🤖 AI Summary
Deep learning models for fundus image analysis suffer from low reliability and difficulty in quantifying predictive uncertainty. Method: This paper proposes a novel framework integrating generative flow networks (GFlowNets) with structured uncertainty modeling. It introduces the first application of GFlowNets to learn an optimizable posterior distribution over discrete Dropout masks. We design GFlowOut—a mechanism that jointly leverages ResNet-18 and Vision Transformer (ViT) to enable multi-granularity uncertainty estimation, supporting diverse Dropout strategies (none, random, bottom-up, top-down). Results: On diabetic retinopathy and glaucoma early detection tasks, our method significantly improves classification accuracy over conventional Dropout baselines.
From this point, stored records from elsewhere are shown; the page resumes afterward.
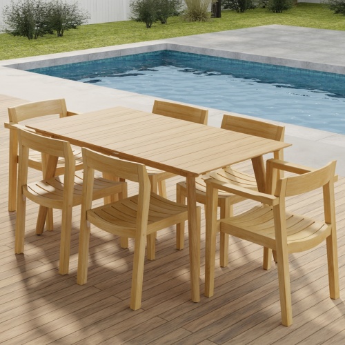 With clean lines and welcoming curves, the 7 piece Surf Horizon Stacking Chair Dining Set is immediately appealing. The Horizon Dining Chairs are minimalist in form yet pure in function, and their gently contoured backrests and seats offering lasting comfort. The Surf Table draws inspiration from Scandinavian architecture, lending it a light and airy appearance. Its irresistibly smooth tabletop makes it an excellent choice for the indoors, though it is more than robust to endure the test of time and the outdoors.
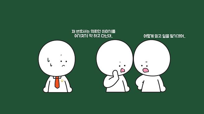 변호사는 일상적인 법률 자문을 위해 찾는 경우도 있으나 대부분은 감당하기 어려운 법적 문제나 분쟁 해결에 도움을 받기 위해 찾습니다. 찾아가서 사건의 개요를 설명할 텐데, 의뢰인은 자신에게 불리한 내용이나 사적인 비밀은 숨기려는 경향이 있습니다.
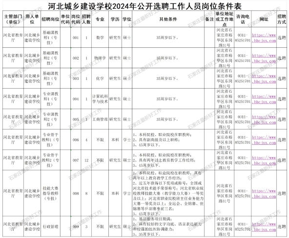 通过河北人社网(https://rst.hebei.gov.cn/)、河北城乡建设学校(https://www.hbcjxx.com)网站面向社会公开发布选聘信息。

Grad-CAM visualizations confirm that the model consistently attends to clinically relevant anatomical regions, demonstrating superior accuracy, robustness, and interpretability.
📝 Abstract
Ocular diseases, including diabetic retinopathy and glaucoma, present a significant public health challenge due to their high prevalence and potential for causing vision impairment. Early and accurate diagnosis is crucial for effective treatment and management. In recent years, deep learning models have emerged as powerful tools for analysing medical images, such as retina imaging. However, challenges persist in model relibability and uncertainty estimation, which are critical for clinical decision-making. This study leverages the probabilistic framework of Generative Flow Networks (GFlowNets) to learn the posterior distribution over latent discrete dropout masks for the classification and analysis of ocular diseases using fundus images. We develop a robust and generalizable method that utilizes GFlowOut integrated with ResNet18 and ViT models as the backbone in identifying various ocular conditions. This study employs a unique set of dropout masks - none, random, bottomup, and topdown - to enhance model performance in analyzing these fundus images. Our results demonstrate that our learnable probablistic latents significantly improves accuracy, outperforming the traditional dropout approach. We utilize a gradient map calculation method, Grad-CAM, to assess model explainability, observing that the model accurately focuses on critical image regions for predictions. The integration of GFlowOut in neural networks presents a promising advancement in the automated diagnosis of ocular diseases, with implications for improving clinical workflows and patient outcomes.